Derviation of the gradient for $E(f_\vec{w}) = (X\vec{w} - \vec{y})^{T}\cdot (X\vec{w} - \vec{y})$.

72 Views Asked by At

I am tying to derive the following gradient $$\nabla_{\vec{w}}E(f_{\vec{w}}) = 2X^{T}X\vec{w} - 2X^{T}\vec{y}$$ from this formula $$E(f_\vec{w}) = (X\vec{w} - \vec{y})^{T}\cdot (X\vec{w} - \vec{y})$$

where $X$ is an $n \times d$ vandermonde matrix, $d$ is the degree of the polynomial and $\vec{w}$ is an $d \times 1$ matrix.

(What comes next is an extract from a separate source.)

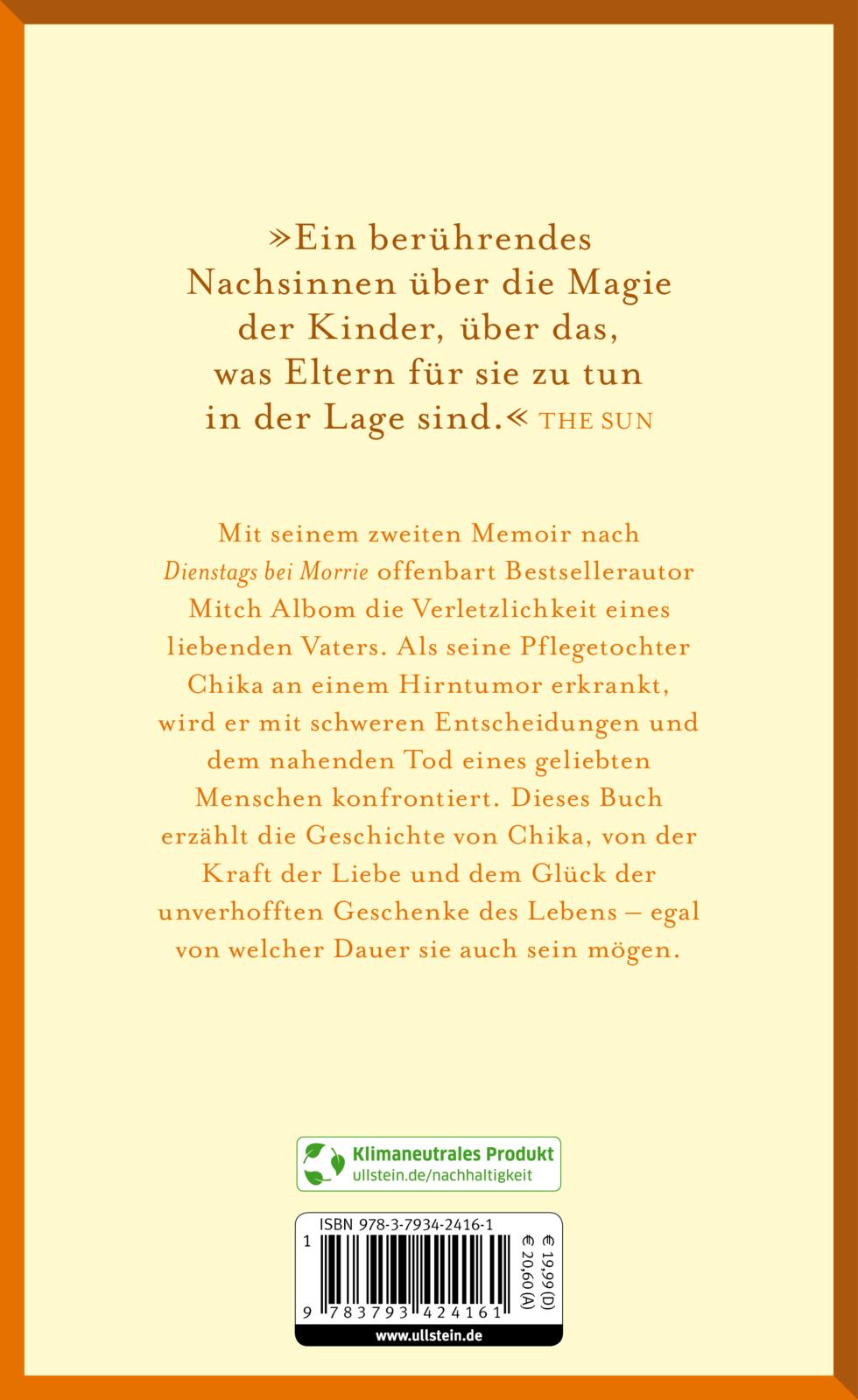 Chika Jeune, auf Haiti in das verheerende Erdbeben 2010 hineingeboren, wächst in dem Waisenhaus auf, das Mitch Albom dort gegründet hat. Mit ihrem unglaublich positiven, mutmachenden Wesen lässt sie niemanden unberührt. Im Alter von 5 Jahren wird bei ihr ein inoperabler Hirntumor festgestellt. Mitch und seine Frau Janine nehmen sie mit nach Detroit in der Hoffnung, Chika eines Tages geheilt zurück zu bringen. Auf ihrer Odyssee zu Spezialkliniken wird das Kind wie eine Tochter für das kinderlose Paar. Chikas grenzenloser Optimismus und unerschütterlicher Humor führen ihnen vor Augen, welches Glück ein so positives Wesen für das eigene Leben bedeutet. In berührenden Dialogen mit Chika gelingt Mitch Albom ein weiteres Meisterwerk.

This is what I have tried to do, \begin{align*} \frac{\partial}{\partial \vec{w}} E(f_{\vec{w}}) &= \frac{\partial}{\partial \vec{w}}\Big((X\vec{w} - \vec{y})^{T}\cdot (X\vec{w} - \vec{y})\Big) \\ &= \frac{\partial}{\partial \vec{w}}\Big( \vec{w}^T X^TX\vec{w} - \vec{w}^T X^{T}\vec{y} - \vec{y}^TX\vec{w} + \vec{y}^T \vec{y}\Big) \\ &= 2X^TX\vec{w} - X^{T}\vec{y} - \underbrace{\vec{y}^TX}_{\text{$\stackrel{?}{=} X^{T}\vec{y}$}} \end{align*} Now, I am almost there, however, I cannot make any sense of the last term in the last equation. Is it true that $X^{T}\vec{y} = \vec{y}^TX$? If yes how? If not, what is wrong with the derivation?

1

There are 1 best solutions below

0
On BEST ANSWER

A scalar value equals its own transpose $$y^TXw = (y^TXw)^T = w^TX^Ty$$ Use this result to simplify the cost function before finding the gradient $$\eqalign{ E &= w^TX^TXw - 2w^TX^Ty + y^Ty \cr \frac{\partial E}{\partial w} &= 2X^TXw - 2X^Ty \cr }$$